Saturday, February 20, 2010

Do no evil, unless, uh, that one time...

So I am sure almost everyone has heard of Buzz by now but for all the wrong reasons.  I think there is a lot that can be said about this situation but I am going to take an engineering perspective on this.  What I find most interesting is the consequences of what Google did.

For those who don't know, Google has decided again to try to enter the social networking market.  The first attempt failed pretty bad.  I mean who still have an Orkut account?  So Google in an effort to quickly gain a bunch of users tacked their newest attempt into their Gmail application.  So what happened?  They auto-added everyone to service and automatically exposed all that information to the world.  What I find is interesting is the accidental things, like since the most contacted people were exposed to the world spouses could find out about infidelities, bosses could find out about recent contacts with recruiters, and what is worrisome is that Mini-Microsoft may have been exposed.  I find it interesting the legal ramifications of this.
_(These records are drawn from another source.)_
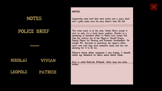 Play as a corrupt detective on the mob’s payroll, and cover up their crimes. Read files, collect information and obscure evidence to frame an innocent bystander, who was at the wrong place, at the wrong time. After all, crime pays.
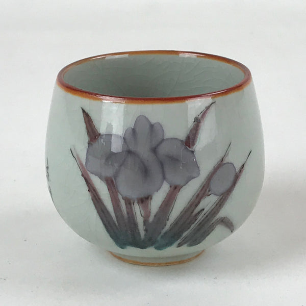 Japanese Ceramic Teacup Vtg Iris Flower Crackle Glaze White Yunomi Sencha TC401
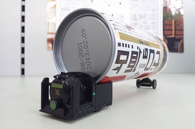 車体の約5倍はあるコンテナ(缶コーヒー)を運びます。
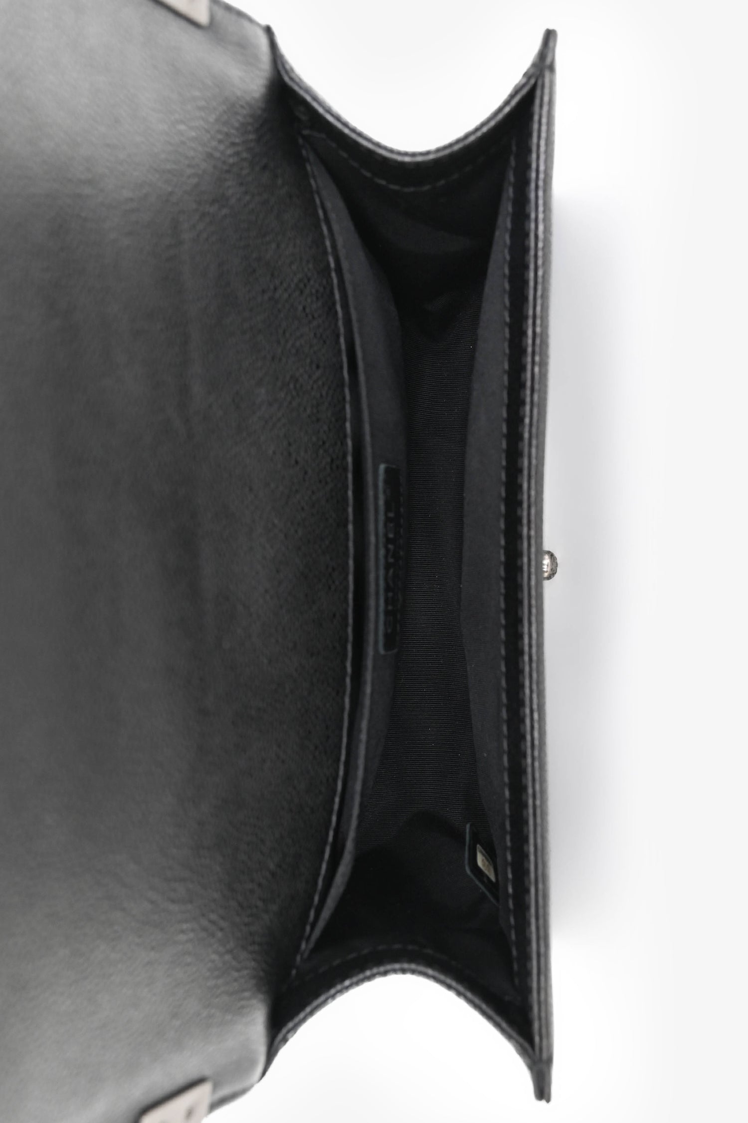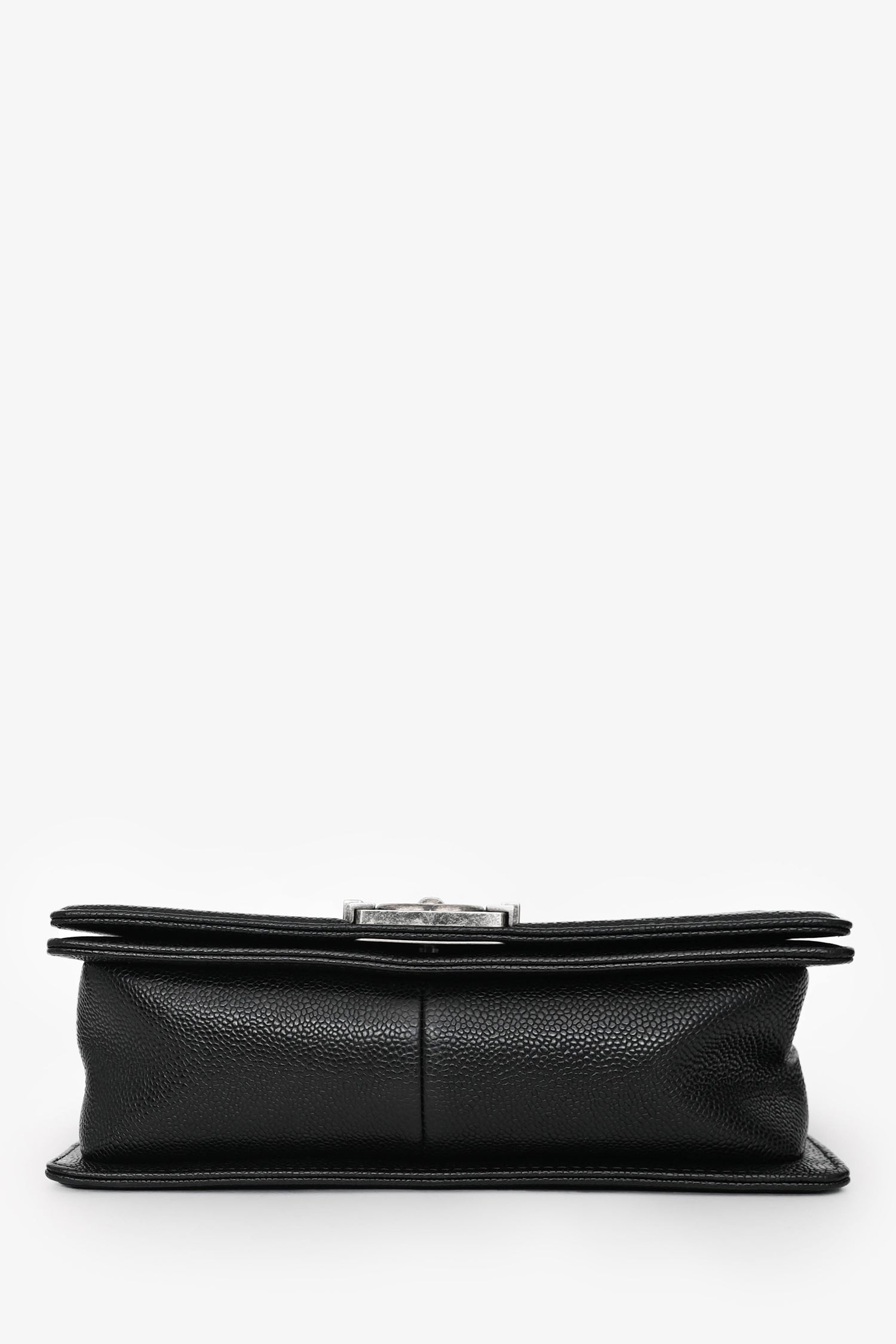 Pre-Loved Chanel 2014 Black Caviar Old Medium Boy Bag. Front fold-over flap with pinch-lock closure. Tonal textile interior lining. Single interior wall slip pocket. Slide-around chain strap. Silver-tone hardware.
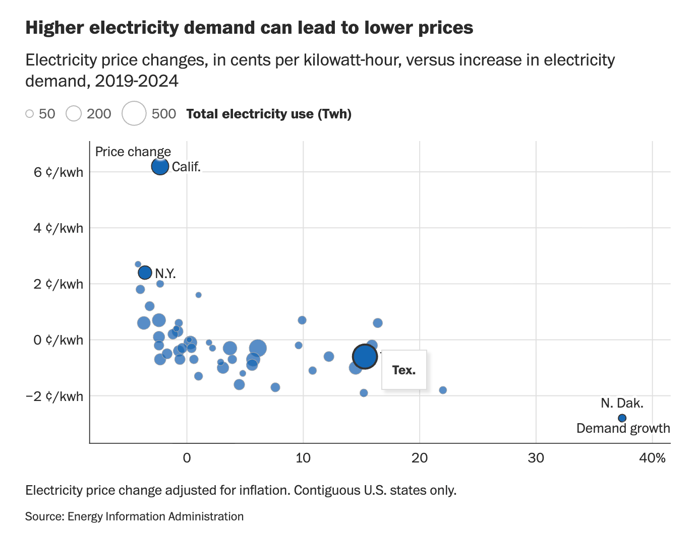 North Dakota, for example, which experienced an almost 40 percent increase in electricity demand thanks in part to an explosion of data centers, saw inflation-adjusted prices fall by around 3 cents per kilowatt-hour. Virginia, one of the country’s data center hubs, had a 14 percent increase in demand and a price drop of 1 cent per kilowatt-hour. California, on the other hand, which lost a few percentage points in demand, saw prices rise by more than 6 cents per kilowatt-hour.

So how does an engineer get into this problem and what can be done to prevent it.  Well I think this comes from the same tunnel vision that produces poor user experiences.  So it is well known that engineers design products that they want.  Engineers are tinkerers.  So I want a widget or program that does what I want.  Other things are that the user experience is not the importance to most engineers.  For instance most projects I start are never about a neat user experience or non-engineer experience, I am interested in the algorithm behind the machine learning or the new searching algorithm.

Well I think this is likely the problem with Buzz: Engineers developed a program they wanted.  They got to the end and thought, hey this is great who wouldn't want this?  (I have similar thoughts about things I write.)  It also seems like this was pushed very hard from a 'make a profit' perspective.  It is commonly thought at this time that social networking is the way to large ad profits.  Which may be true.  If you like or may like something then your friends are likely to like them.  So you have engineers who didn't step back to say, 'how will this affect people' and 'should we do X or Y' and you have a company who is really trying to break into social networking.  This is what I think was the problem.  It is likely a neat idea.  I would love a place where I can have all my social networking stuff in one place.  However I don't feel like Buzz is the answer.  For reference I have turned it off as quickly as possible.

So how do other companies mitigate these things?  For one, you never turn on stuff like that by default.  The second is a process which looks at the customer experience.  I know I think a lot about how people use my work and how to make their experience better.  I think it is a situation where you need to assume everyone is not like you.  So what would someone who thinks differently than you think of X.  this helps a lot.  I just think it is an interesting thing.  I think Buzz will fall into the same trash bin as Orkut and in this case it is completely the fault of whomever enabled this by default.  At the end of the day companies that think they can force their users into something they don't want usually lose, I feel Google may have done that to themselves.